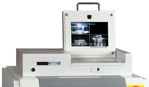
Camera Monitoring System displays and records real-time feeding and destruction of gaming materials.

1-Year Warranty on cutting head and all other parts
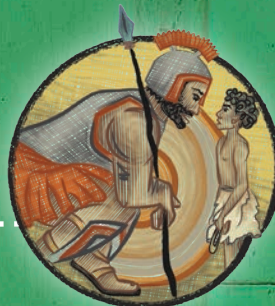
THE ANOINTING OF DAVID The characteristics of a true king.
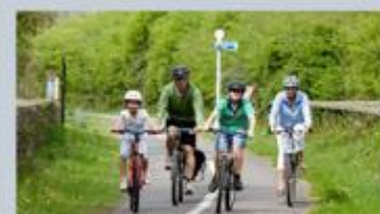
Bristol to Bath Cycle Path
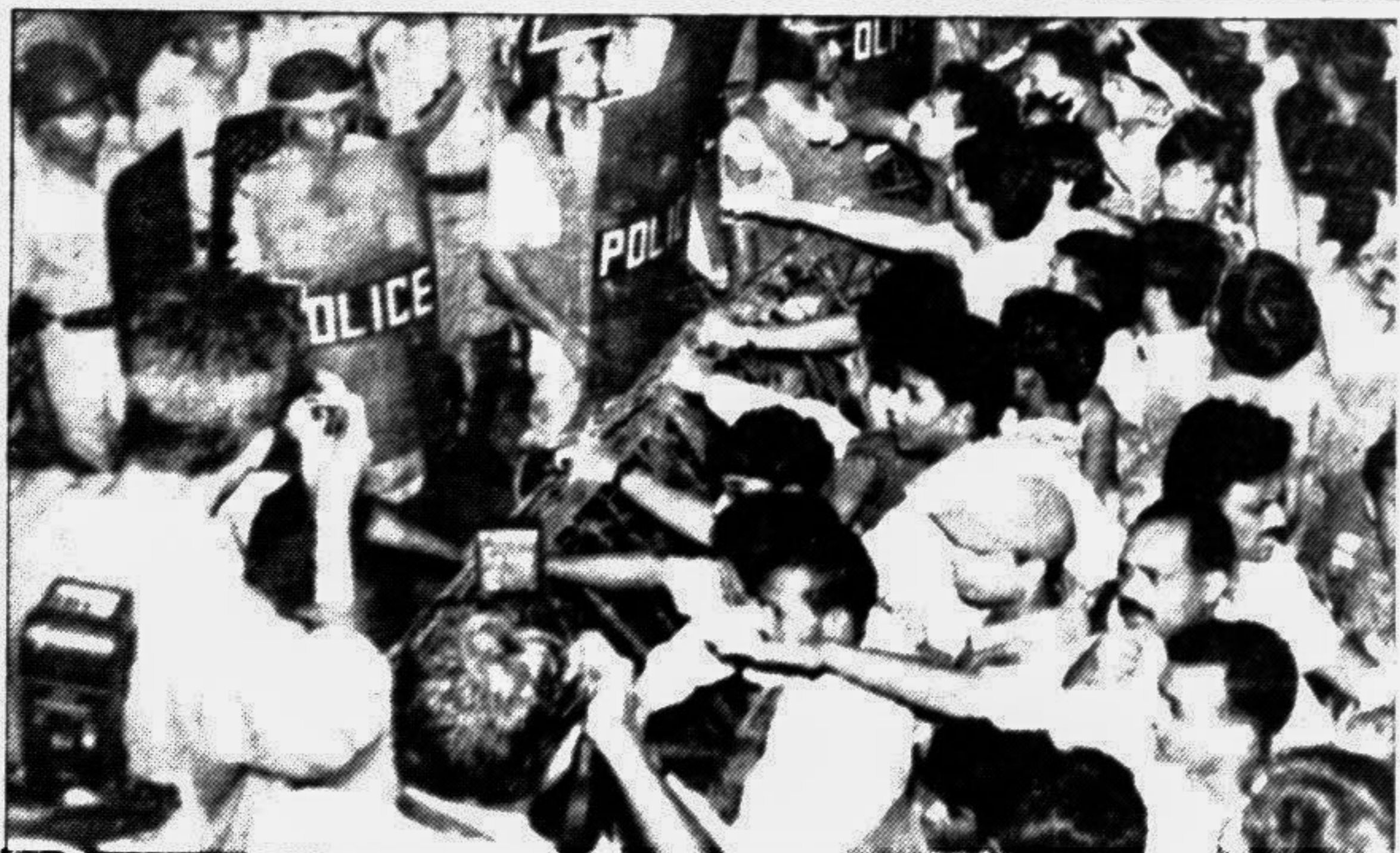
BNP's protest march towards Jatiya Sangsad was intercepted by police near Bangla Motor intersection in the city yesterday.

Your goal: Give the lines again exactly, starting where the entries begin and stopping once the line with "Bristol to Bath Cycle Path" is included; pictures are not copied.

Worked solution:
Camera Monitoring System displays and records real-time feeding and destruction of gaming materials.

1-Year Warranty on cutting head and all other parts
THE ANOINTING OF DAVID The characteristics of a true king.
Bristol to Bath Cycle Path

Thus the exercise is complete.